In the entries below, find the line with "Paola Ferri Leather" and the line with "Een extra optie". Repeat exactly everything between them, those two lines included, but not the pictures.

START Available data

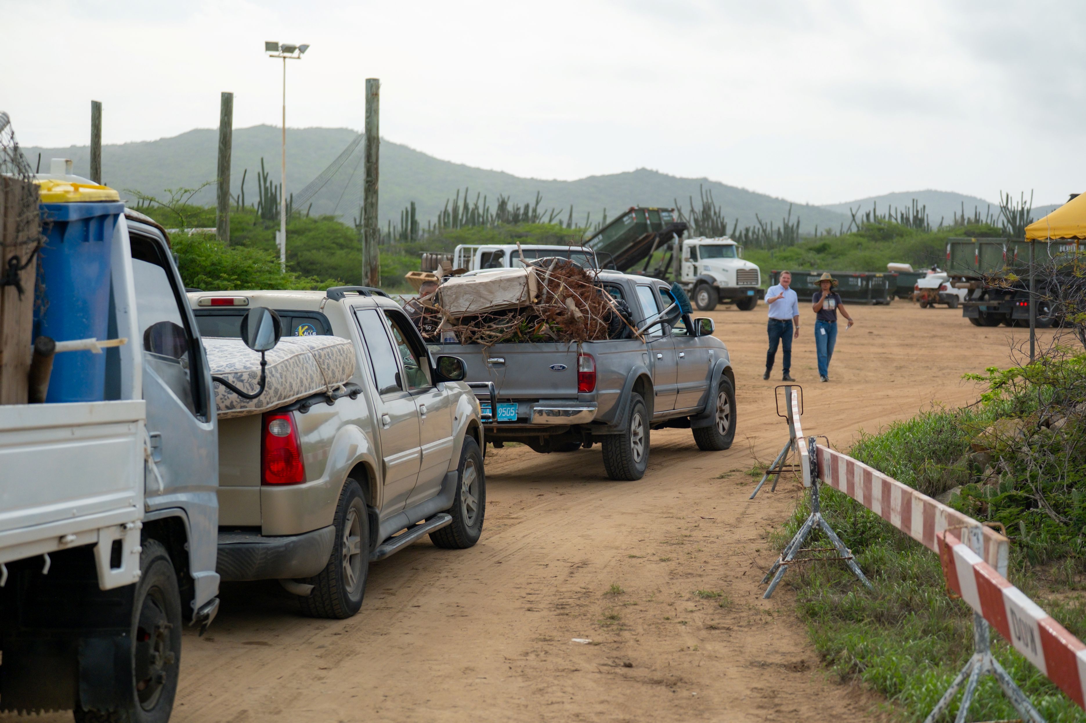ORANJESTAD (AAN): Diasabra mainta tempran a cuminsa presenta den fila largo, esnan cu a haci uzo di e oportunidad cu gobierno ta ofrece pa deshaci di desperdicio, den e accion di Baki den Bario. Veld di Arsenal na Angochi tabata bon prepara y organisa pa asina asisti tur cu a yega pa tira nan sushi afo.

END Available data
START Available data

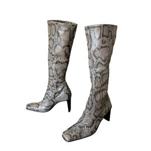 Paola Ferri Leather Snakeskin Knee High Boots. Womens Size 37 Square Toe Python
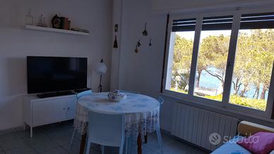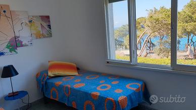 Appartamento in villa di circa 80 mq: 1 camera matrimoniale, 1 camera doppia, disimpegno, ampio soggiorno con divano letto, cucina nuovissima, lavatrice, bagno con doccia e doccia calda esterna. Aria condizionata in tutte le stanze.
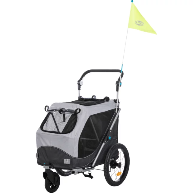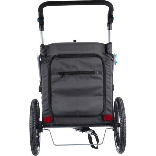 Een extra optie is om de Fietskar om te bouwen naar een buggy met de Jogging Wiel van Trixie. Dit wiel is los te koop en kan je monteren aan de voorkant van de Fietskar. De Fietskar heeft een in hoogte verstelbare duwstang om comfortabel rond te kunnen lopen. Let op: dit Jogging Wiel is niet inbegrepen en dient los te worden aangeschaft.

END Available data

# Response area:
 Paola Ferri Leather Snakeskin Knee High Boots. Womens Size 37 Square Toe Python
 Appartamento in villa di circa 80 mq: 1 camera matrimoniale, 1 camera doppia, disimpegno, ampio soggiorno con divano letto, cucina nuovissima, lavatrice, bagno con doccia e doccia calda esterna. Aria condizionata in tutte le stanze.
 Een extra optie is om de Fietskar om te bouwen naar een buggy met de Jogging Wiel van Trixie. Dit wiel is los te koop en kan je monteren aan de voorkant van de Fietskar. De Fietskar heeft een in hoogte verstelbare duwstang om comfortabel rond te kunnen lopen. Let op: dit Jogging Wiel is niet inbegrepen en dient los te worden aangeschaft.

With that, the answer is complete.